**Instructions for the task**
For the material below, the expected output is exactly the lines between the line holding "吴氏文化正能量,至德精神在弘扬。开拓进取创辉煌,谱写时代新篇章。" and the line holding "B棟バルコニー内のシーリング打ち替えをおこないました。", inclusive, with pictures left out.

**Given information**

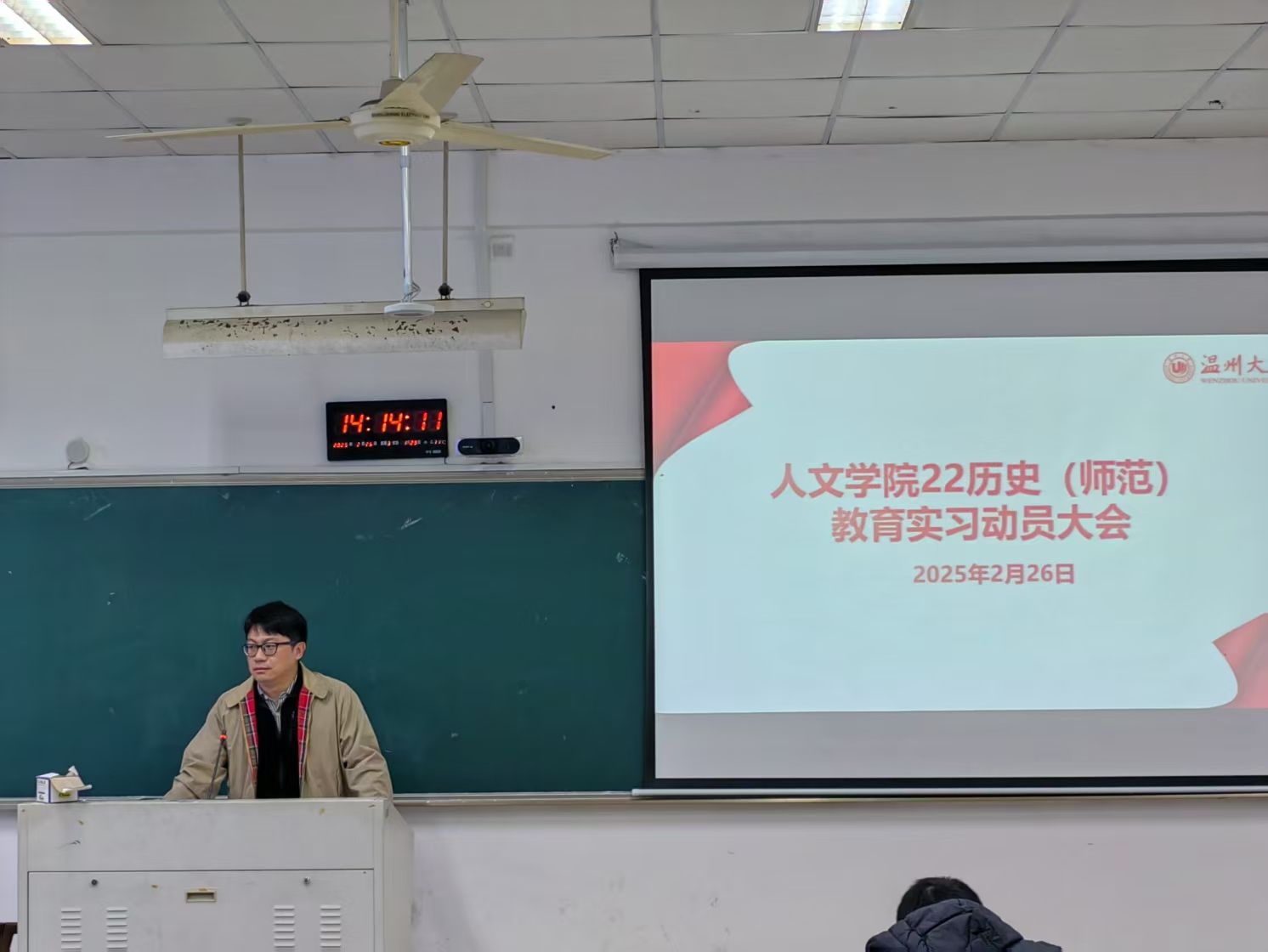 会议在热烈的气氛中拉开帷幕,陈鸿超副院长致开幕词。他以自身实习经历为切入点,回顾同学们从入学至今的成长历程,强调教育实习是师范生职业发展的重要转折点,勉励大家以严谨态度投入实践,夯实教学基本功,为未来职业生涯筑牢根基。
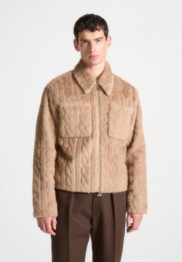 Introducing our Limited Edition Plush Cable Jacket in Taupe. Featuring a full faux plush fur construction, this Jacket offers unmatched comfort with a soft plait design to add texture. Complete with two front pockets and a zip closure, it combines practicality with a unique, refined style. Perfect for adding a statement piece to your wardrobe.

* * *

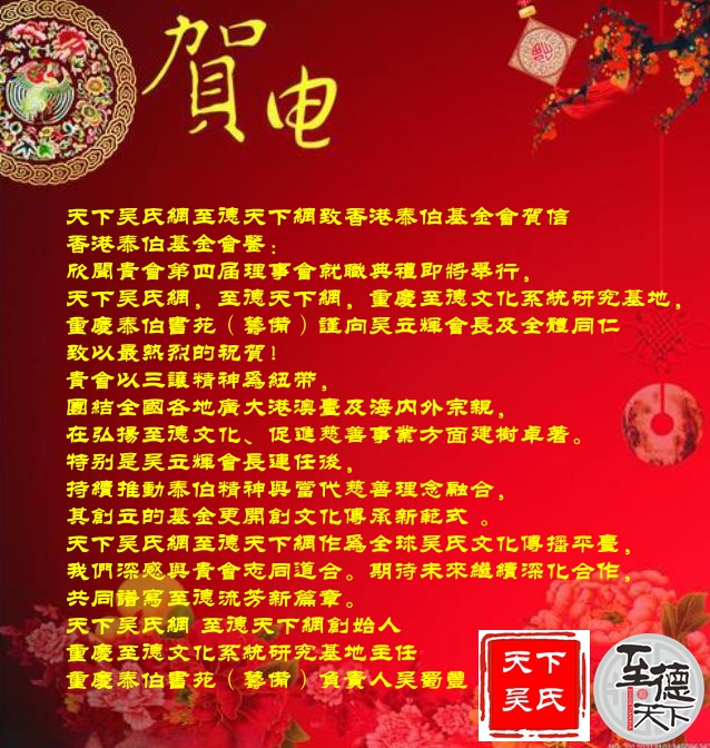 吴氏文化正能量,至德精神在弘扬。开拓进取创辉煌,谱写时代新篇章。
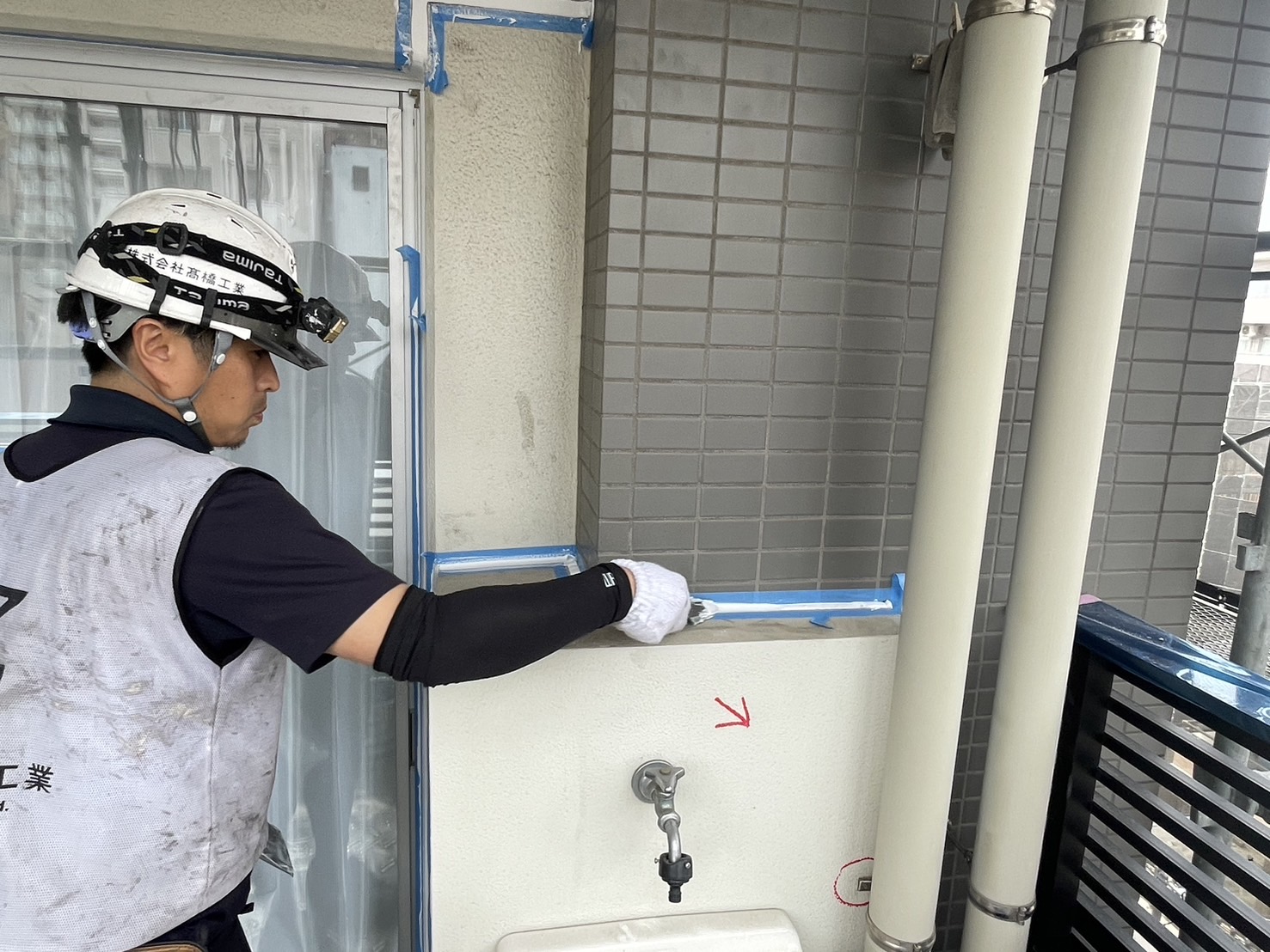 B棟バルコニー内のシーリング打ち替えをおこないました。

**Task result**
 吴氏文化正能量,至德精神在弘扬。开拓进取创辉煌,谱写时代新篇章。
 B棟バルコニー内のシーリング打ち替えをおこないました。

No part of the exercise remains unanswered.